Тут резкий каркающий хохот вперемешку с хитрым помявкиванием послышались со стороны окна. Игрушки обернулись. В форточке, нахохлившись, сидел ворон, а рядом с ним примостился рыжий кот.
— Вы участвуете в конкурсе? — уточнил Сиреневый.
— Всенепременно!!! — воскликнул ворон.
— Может, ты уже и написал что-нибудь? Может, споешь?
— Не вопр-р-рос! Только у меня — р-рэп.

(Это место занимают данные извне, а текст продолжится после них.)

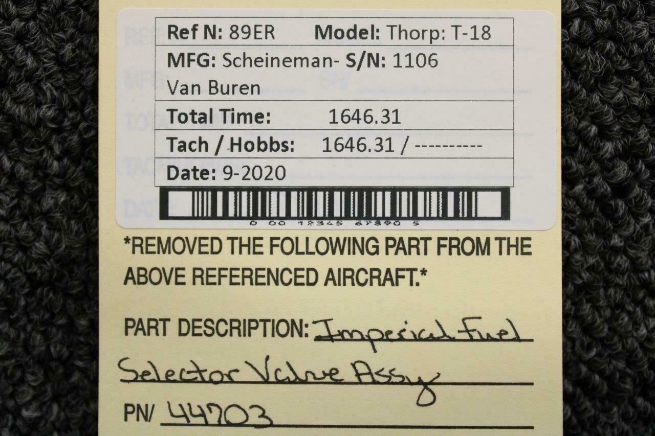 44703 Thorp T-18 Imperial Fuel Selector Valve Assy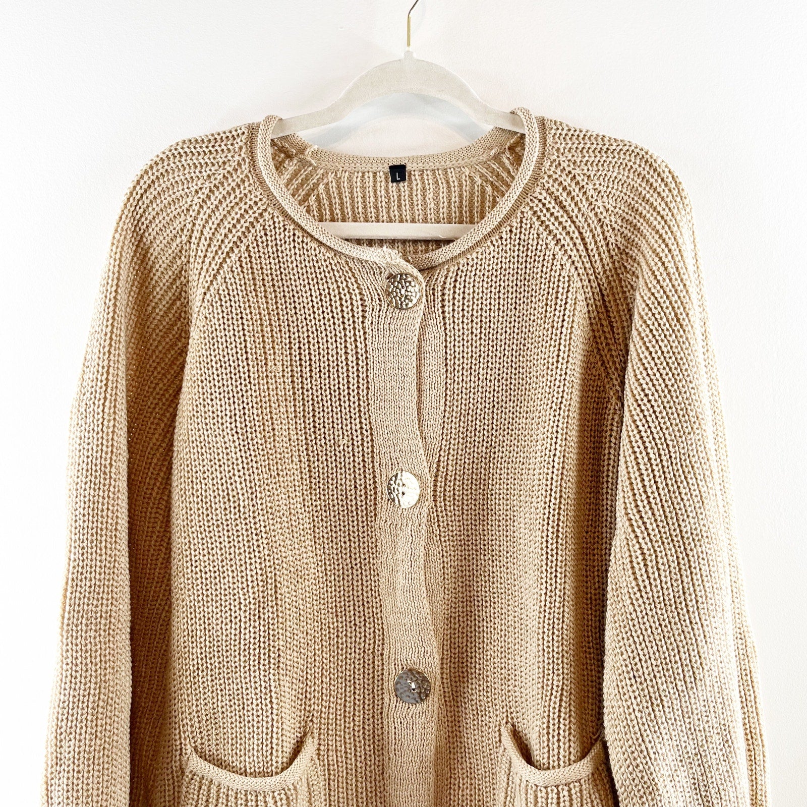 Chunky Long Sleeve Gold Button Cardigan Sweater Tan Beige Large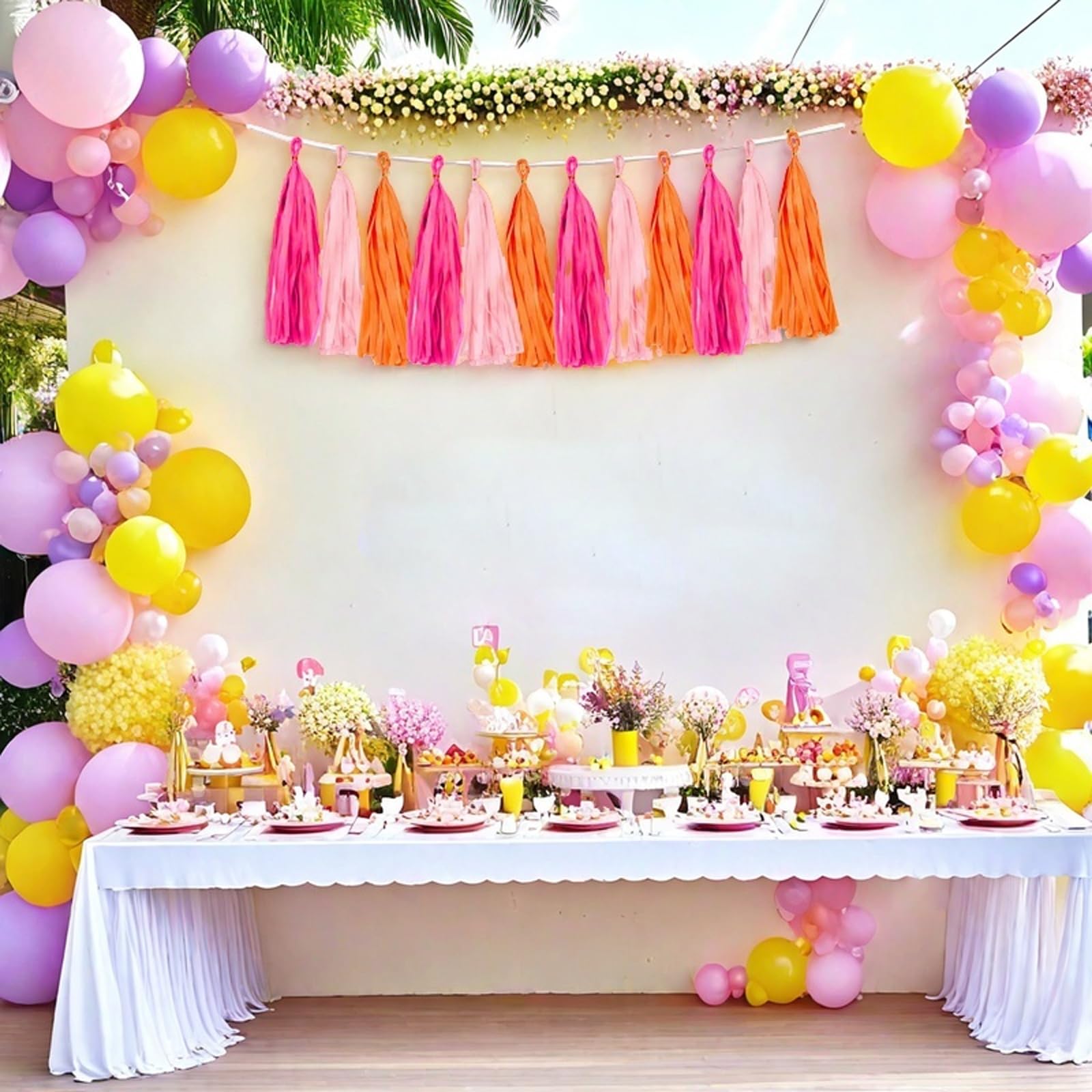 These tissue paper tassel garland banner will be very well match with gold paper pennant banner, happy birthday banner, tissue paper fan flower and balloon.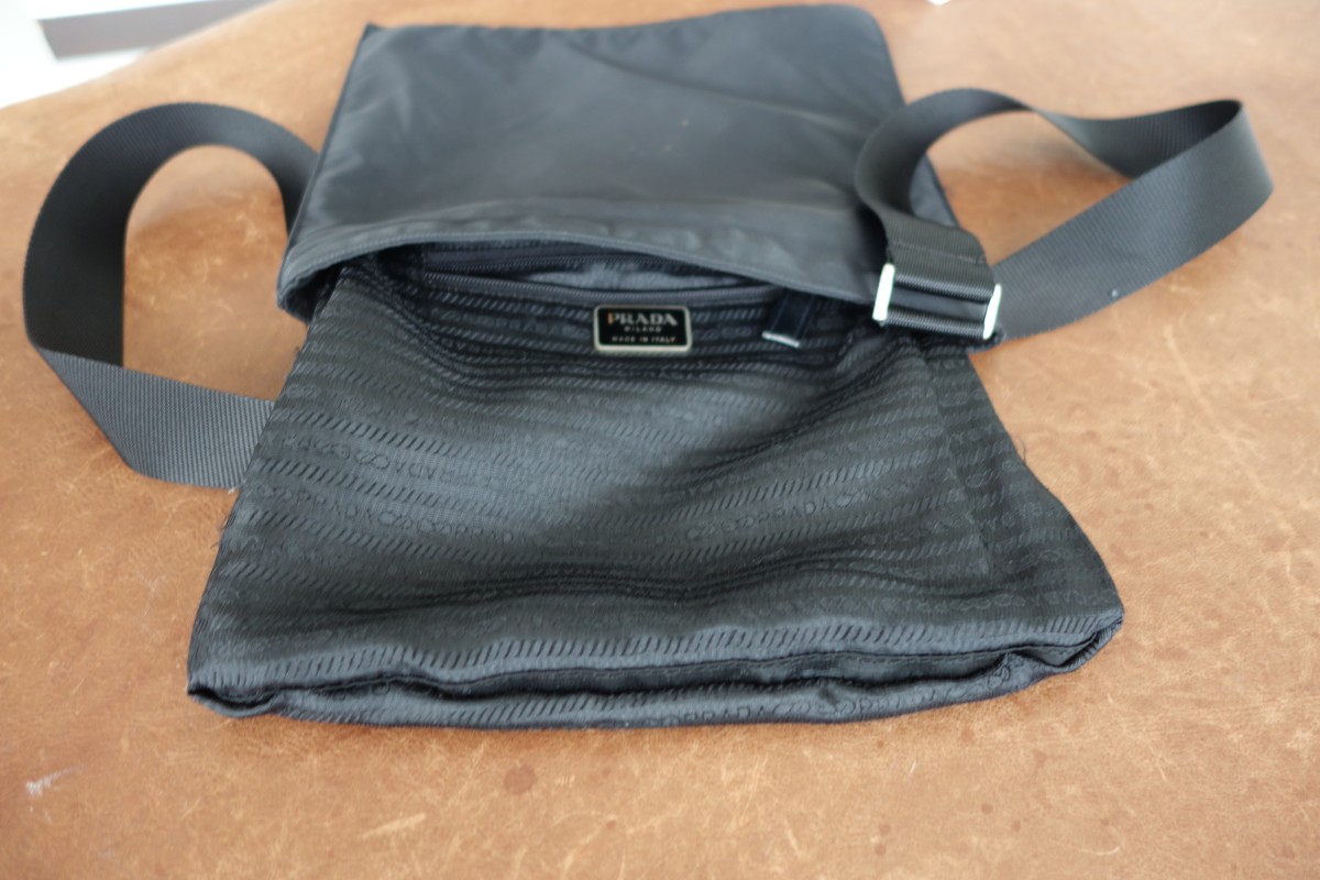 プラダサコッシュバグのショルダーほつれと、内袋の破れ補修です。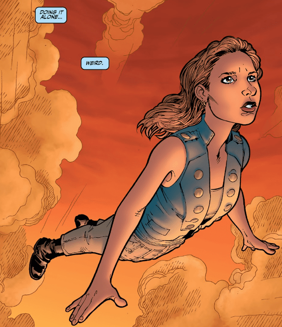 Doing it with Willow was scary, but doing it alone is so… weird. Buffy‘s thoughts are trying to work out how she’s feeling, considering she’s flying, naturally, through the air like Superman.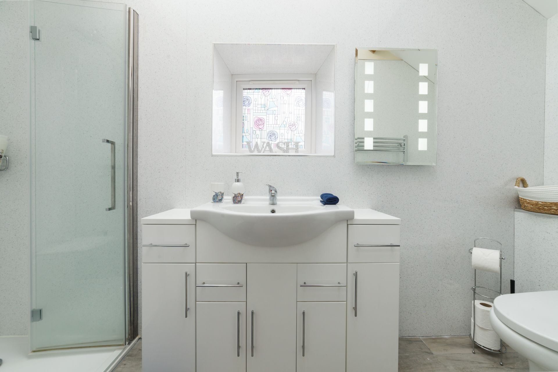En-Suite Bathroom: Walk-in shower with shower seat, WC and wash hand basin.

Мне кор-р-ршун в детстве на ухо наступил.
— Ну, пой хотя бы рэп, — махнул лапкой Салатный. — Мы теперь уже передоговорились, — покосился он на Сиреневого. — Можно даже не песенку, а что угодно другое — хоть стишок, хоть сказку… Хоть сплясать.
Ворон кивнул, качнулся на перекладине рамы и, размахивая крыльями, принялся декламировать:
Этот двор — мой двор,
Я в нем — черный царь!
Не пройдет тут вор
И другая тварь!
Эй ты, братец, стой!
Не микроб ли ты?
Неопрятный, злой,
Всюду грязь — следы!..
И скажу я: «Кар-р!»
(И это не ложь!)
«Вон! Кончай базар!
И Букаш не трожь!»
— Кар-р!!! — закончил Ворон грозно, потом остановился, сложил крылья, огляделся и тихо добавил: — Извините, если кого обидел.
— Класс! Класс! — закричали игрушки-зверушки. — Никого ты не обидел, не беспокойся, мы же не микробы!
— Ну, кто следующий? — огляделся Сиреневый.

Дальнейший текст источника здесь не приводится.